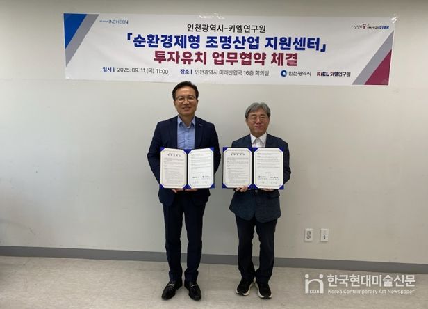 한국현대미술신문 박재남 기자 | 인천광역시는 9월 11일 조명기술 분야 국내 최고 전문기관인 키엘연구원과 ‘순환경제형 조명산업 지원센터’ 설립을 위한 투자유치 협약을 체결했다고 밝혔다.
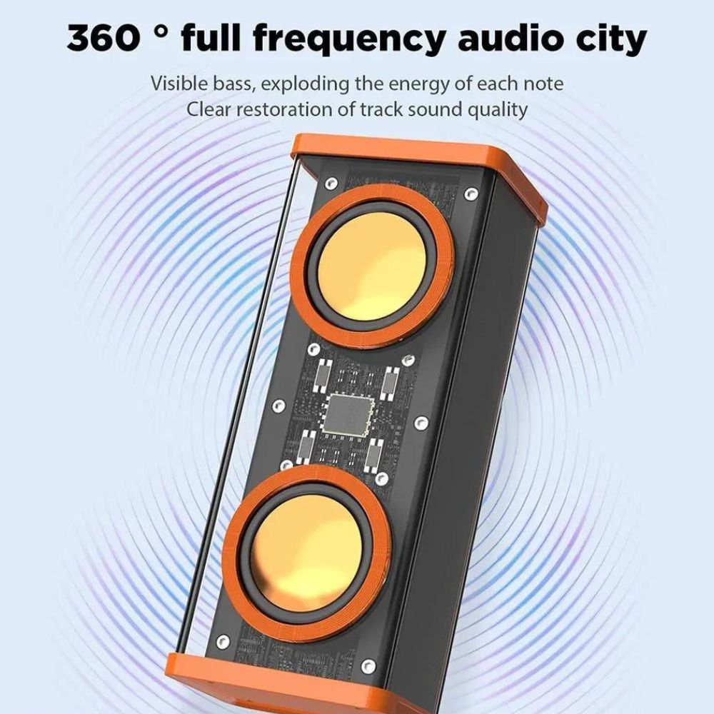 Der transparente Mecha TWS Bluetooth-Lautsprecher bietet 360° Panorama-Soundeffekte und bewegliches Licht, das sich mit dem Ton synchronisiert und die Musik in ein audiovisuelles Erlebnis verwandelt.
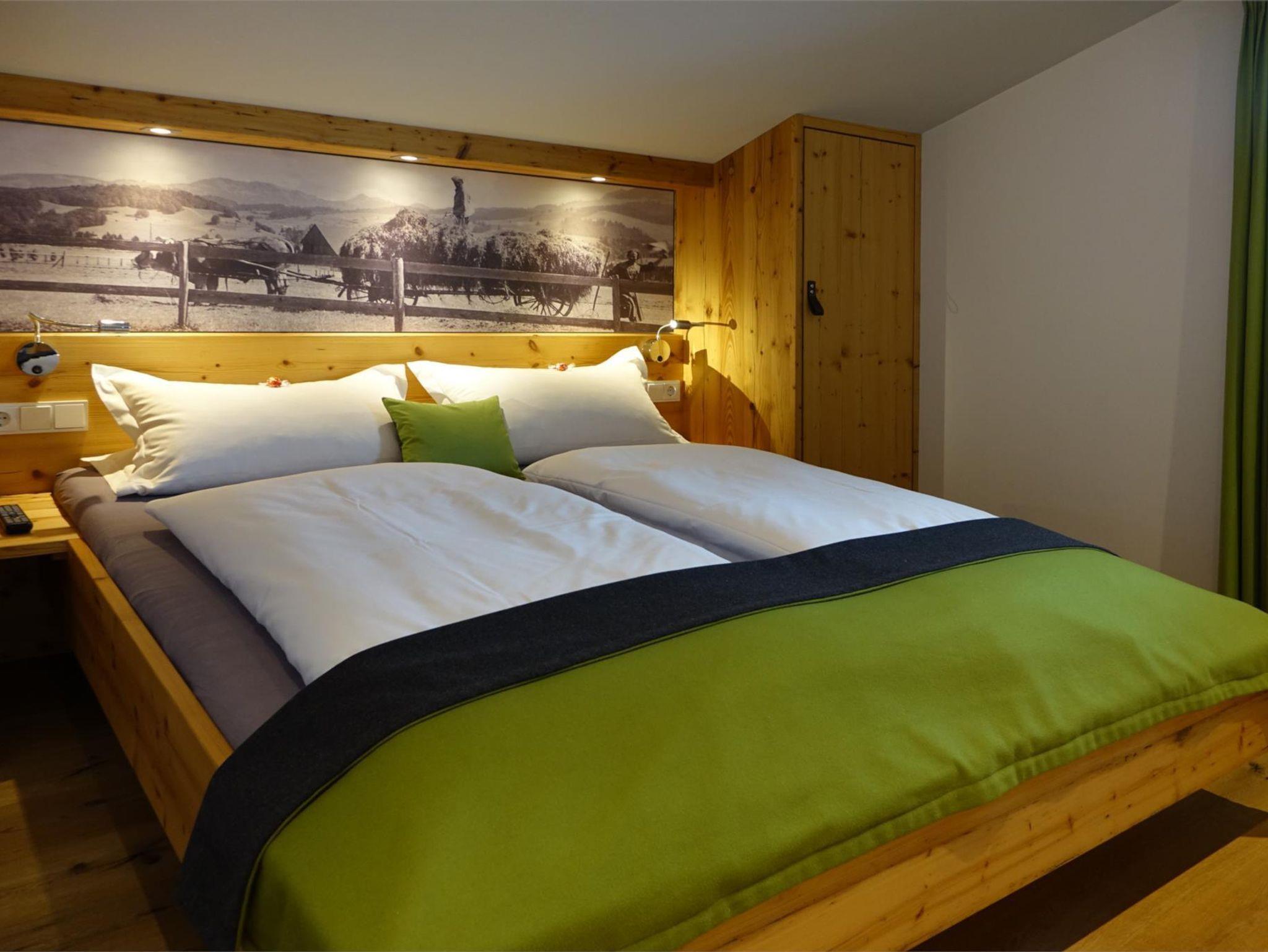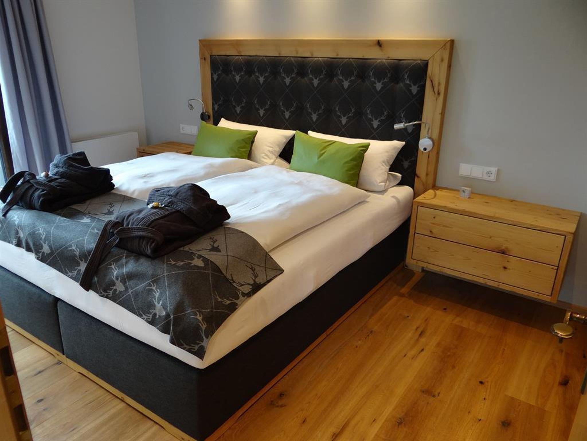 Zeitlos schön verbindet unser Appartement Sonnenkopfblick Tradition, Luxus und Komfort: 81 qm, 2 separate Schlafzimmer, 2 Bäder, Mini Spa (Sauna und Rainshower), großzügiger Wohnraum mit Essplatz und offener Küche mit Theke. Der Ausbau wurde mit Altholz gemacht und mit alten schwarz-weiß Fotografien kombiniert. Das Appartement verfügt zudem über einen Ost- und einen Südbalkon mit Blick in die Berge.
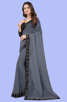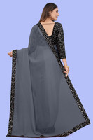 SHELDROM MART Solid/Plain Bollywood Georgette Saree (Grey)
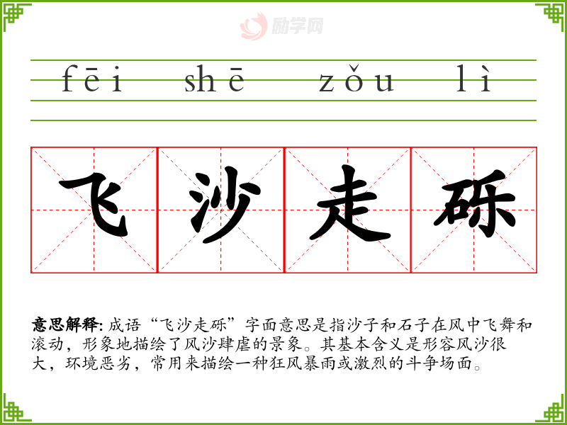 成语“飞沙走砾”字面意思是指沙子和石子在风中飞舞和滚动,形象地描绘了风沙肆虐的景象。其基本含义是形容风沙很大,环境恶劣,常用来描绘一种狂风暴雨或激烈的斗争场面。
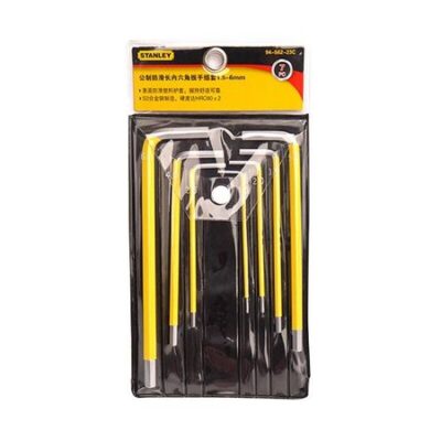 Stanley Набор из 7 предметов: метрическая нескользящая удлиненная шаровая головка, набор внутренних шести ключей, один пластиковый шестигранный ключ с длинноволновой головкой 94-562-23C на складе
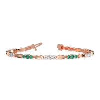 These 18K Rose Gold bracelets feature fine quality Emerald gemstones. This Fashion Bracelet Consists Of Marquise Shaped Links, with Alternating Links Of Graduated Three Stone Settings in Between. Free shipping, returns, and a lifetime warranty make luxury worry-free
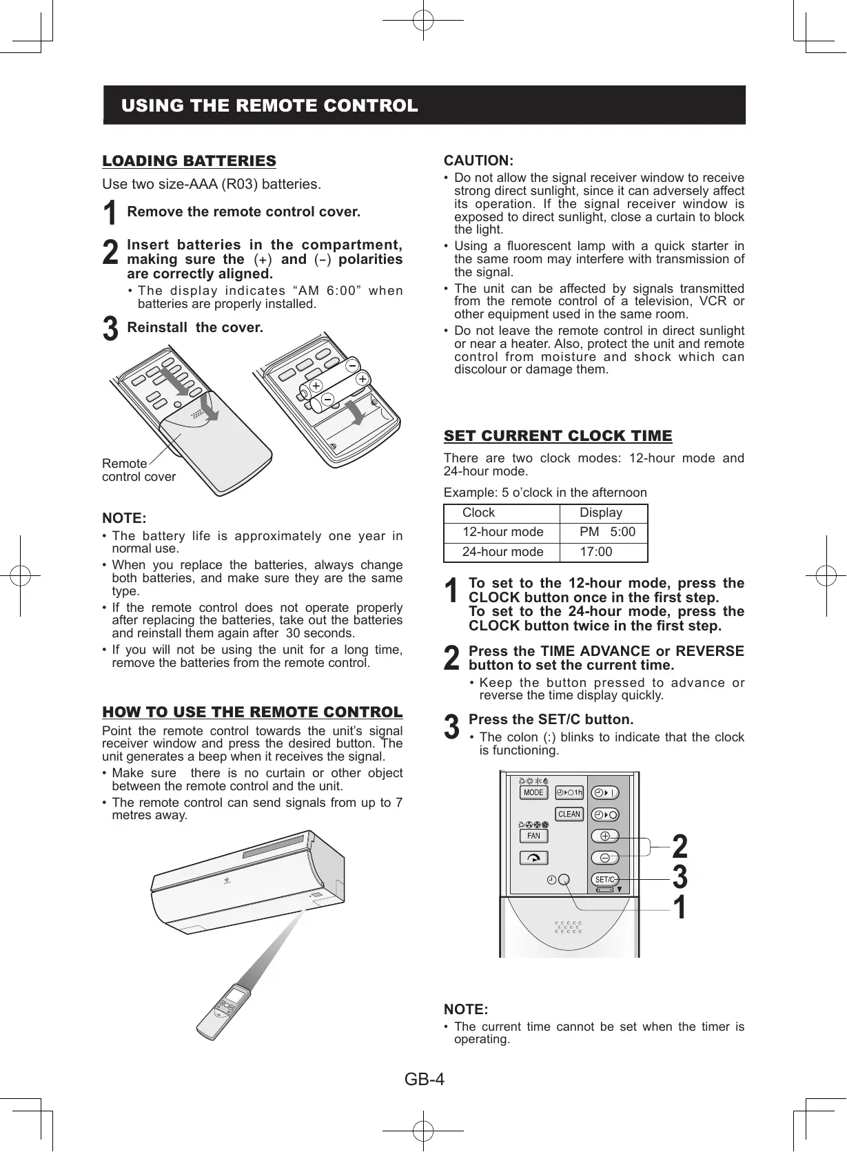 • IMPORTANT SAFETY INSTRUCTIONS GB-1 • PART NAMESGB-2 • USING THE REMOTE CONTROL GB-4 • SETTING AIR PURIFYING FILTER GB-5 • TIPS ON SAVING ENERGYGB-5 • AUXILIARY MODE GB-5 • BASIC OPERATION GB-6 • TIPS ABOUT INDICATOR PANELGB-7 • ADJUSTING THE AIR FLOW DIRECTION ...GB-8 • PLASMACLUSTER OPERATION GB-9 • SELF CLEAN OPERATIONGB-9 • ONE-HOUR OFF TIMER GB-10 • TIMER OPERATION GB-10 • FULL POWER OPERATION GB-12 • MAINTENANCE GB-12 • BEFORE CALLING FOR SERVICE GB-14 • ADDITIONAL NOTES ON OPERATION GB-15
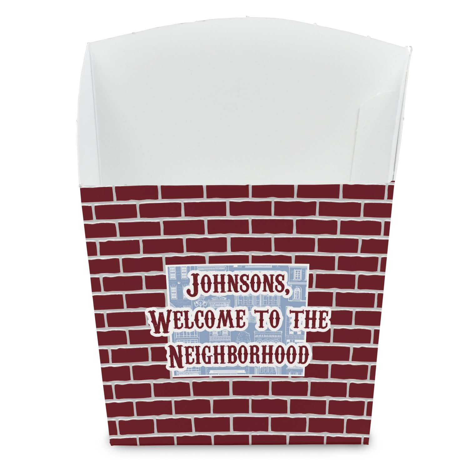 The design has two patterns with one surrounding the other in a square format. The inner pattern is a beautiful light-blue with white illustrations of houses and apartments. The outer design is a warm red brick pattern. The combination of these two patterns makes for a very friendly feeling design. The personalization goes directly in the middle of the inner design. The coordinating pattern has a fun colored graphic of a block of apartments and a place for text underneath.
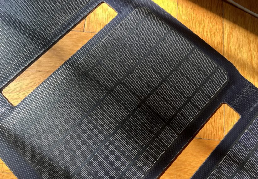 Az összecsukható napelem 6 monokristályos napelemre nyitható ki, így akár 40 W kombinált teljesítményt biztosít, már ha minden körülmény ideális. Én kétféleképpen is teszteltem, de erről majd később.
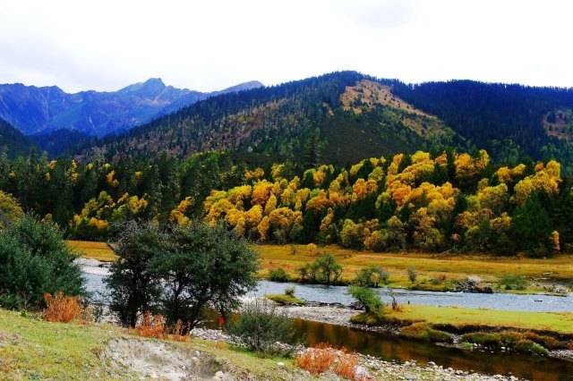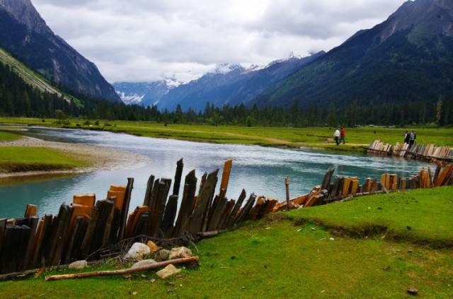 传说中的“隐者之居”、龙王谷!碧蓝的天空,明媚的阳光,洁白的云朵,远处皑皑雪峰,林海苍茫,山坳里碧绿的草甸上的散落着藏寨,小溪,云雾、林海、田畴、牧场、流水、人家、牛羊……颇具林区特色的木篱笆、木板屋、木头桥及农牧民的村寨星罗棋布、错落有致,勾画了一幅恬静、优美的画卷!就是仙居的地方!

━━━━━━━━━━

-- Task details --
All of the material above goes into the copy exactly as is; the pictures do not.

-- Task answer --
 한국현대미술신문 박재남 기자 | 인천광역시는 9월 11일 조명기술 분야 국내 최고 전문기관인 키엘연구원과 ‘순환경제형 조명산업 지원센터’ 설립을 위한 투자유치 협약을 체결했다고 밝혔다.
 Der transparente Mecha TWS Bluetooth-Lautsprecher bietet 360° Panorama-Soundeffekte und bewegliches Licht, das sich mit dem Ton synchronisiert und die Musik in ein audiovisuelles Erlebnis verwandelt.
 Zeitlos schön verbindet unser Appartement Sonnenkopfblick Tradition, Luxus und Komfort: 81 qm, 2 separate Schlafzimmer, 2 Bäder, Mini Spa (Sauna und Rainshower), großzügiger Wohnraum mit Essplatz und offener Küche mit Theke. Der Ausbau wurde mit Altholz gemacht und mit alten schwarz-weiß Fotografien kombiniert. Das Appartement verfügt zudem über einen Ost- und einen Südbalkon mit Blick in die Berge.
 SHELDROM MART Solid/Plain Bollywood Georgette Saree (Grey)
 成语“飞沙走砾”字面意思是指沙子和石子在风中飞舞和滚动,形象地描绘了风沙肆虐的景象。其基本含义是形容风沙很大,环境恶劣,常用来描绘一种狂风暴雨或激烈的斗争场面。
 Stanley Набор из 7 предметов: метрическая нескользящая удлиненная шаровая головка, набор внутренних шести ключей, один пластиковый шестигранный ключ с длинноволновой головкой 94-562-23C на складе
 These 18K Rose Gold bracelets feature fine quality Emerald gemstones. This Fashion Bracelet Consists Of Marquise Shaped Links, with Alternating Links Of Graduated Three Stone Settings in Between. Free shipping, returns, and a lifetime warranty make luxury worry-free
 • IMPORTANT SAFETY INSTRUCTIONS GB-1 • PART NAMESGB-2 • USING THE REMOTE CONTROL GB-4 • SETTING AIR PURIFYING FILTER GB-5 • TIPS ON SAVING ENERGYGB-5 • AUXILIARY MODE GB-5 • BASIC OPERATION GB-6 • TIPS ABOUT INDICATOR PANELGB-7 • ADJUSTING THE AIR FLOW DIRECTION ...GB-8 • PLASMACLUSTER OPERATION GB-9 • SELF CLEAN OPERATIONGB-9 • ONE-HOUR OFF TIMER GB-10 • TIMER OPERATION GB-10 • FULL POWER OPERATION GB-12 • MAINTENANCE GB-12 • BEFORE CALLING FOR SERVICE GB-14 • ADDITIONAL NOTES ON OPERATION GB-15
 The design has two patterns with one surrounding the other in a square format. The inner pattern is a beautiful light-blue with white illustrations of houses and apartments. The outer design is a warm red brick pattern. The combination of these two patterns makes for a very friendly feeling design. The personalization goes directly in the middle of the inner design. The coordinating pattern has a fun colored graphic of a block of apartments and a place for text underneath.
 Az összecsukható napelem 6 monokristályos napelemre nyitható ki, így akár 40 W kombinált teljesítményt biztosít, már ha minden körülmény ideális. Én kétféleképpen is teszteltem, de erről majd később.
 传说中的“隐者之居”、龙王谷!碧蓝的天空,明媚的阳光,洁白的云朵,远处皑皑雪峰,林海苍茫,山坳里碧绿的草甸上的散落着藏寨,小溪,云雾、林海、田畴、牧场、流水、人家、牛羊……颇具林区特色的木篱笆、木板屋、木头桥及农牧民的村寨星罗棋布、错落有致,勾画了一幅恬静、优美的画卷!就是仙居的地方!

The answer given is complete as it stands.